Beating of My Chest  

In Life: Season 1 Episode 10, David Attenborough explores the social interactions and behavior of various primates that live around the world. Particularly in the Congo Basin, many populations of Western Lowland Gorillas (Gorilla gorilla gorilla) inhabit the dense rainforest. Living in family packs, gorillas are led and protected by one silverback male. As the dominant figure of the social group, the silverback male ensures the safety and stability of his members [2]. In the documentary, Attenborough states that silverback males beat their chests to maintain their territory since one family may be living in close vicinity to other family groups around the area.

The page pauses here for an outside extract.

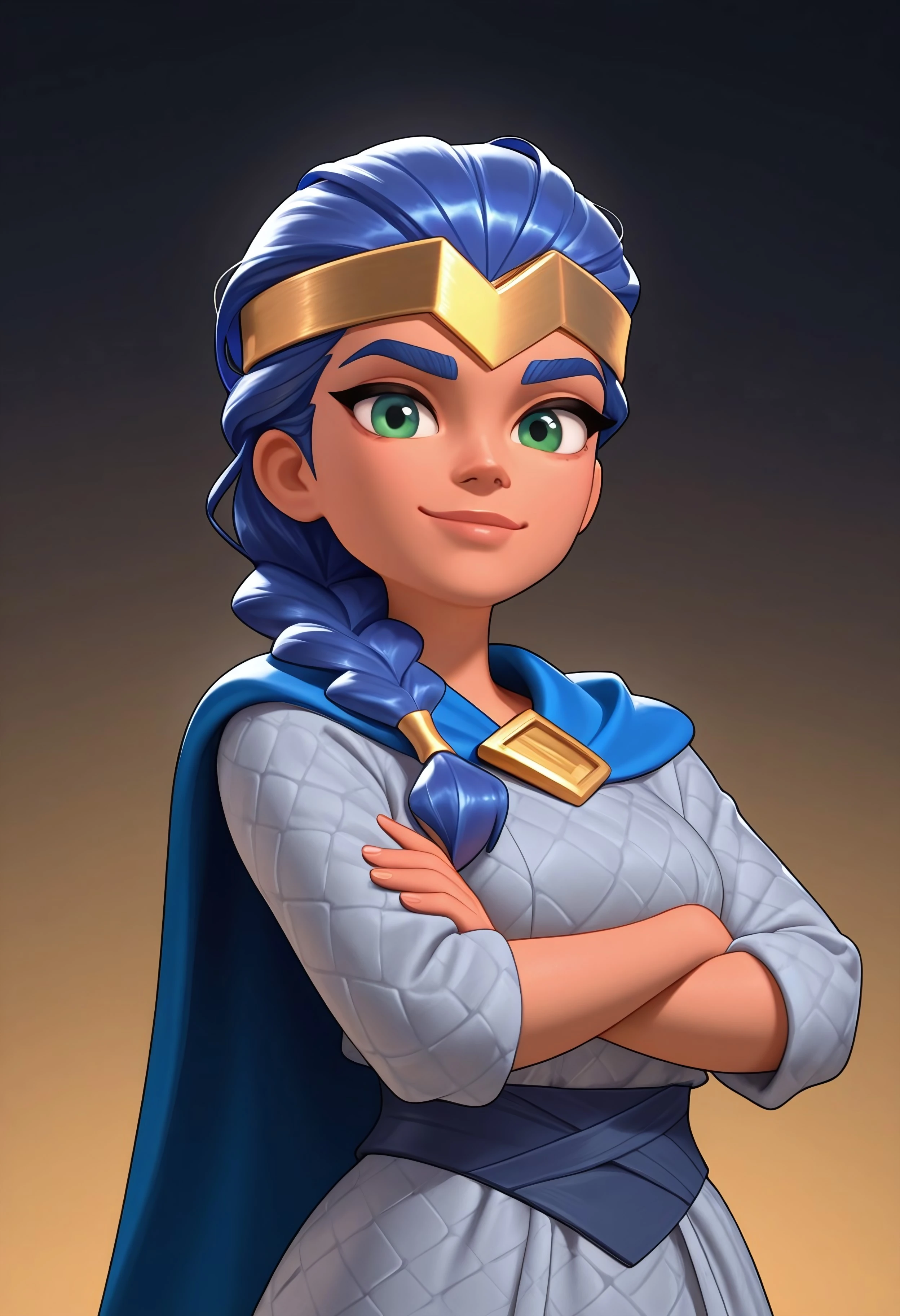 golden tiara, blue cape, grey dress

While chest beating may be immediately associated with aggression, the display may only be used as an alert or cautionary system. Oftentimes, silverback males of one family group may be related to surrounding silverback males, and interaction between different groups is not uncommon [1]. Therefore, the display of chest beating may only be a request for other groups to stay within their own territory. In other situations, chest beating from a silverback male is an act of dominant assertion over its resources, especially access to females [3]. Overall, there is little aggression between these related silverback males, and maintaining friendly kin relations also benefits the younger males, who are trying to attract other females in order to form their own packs [1].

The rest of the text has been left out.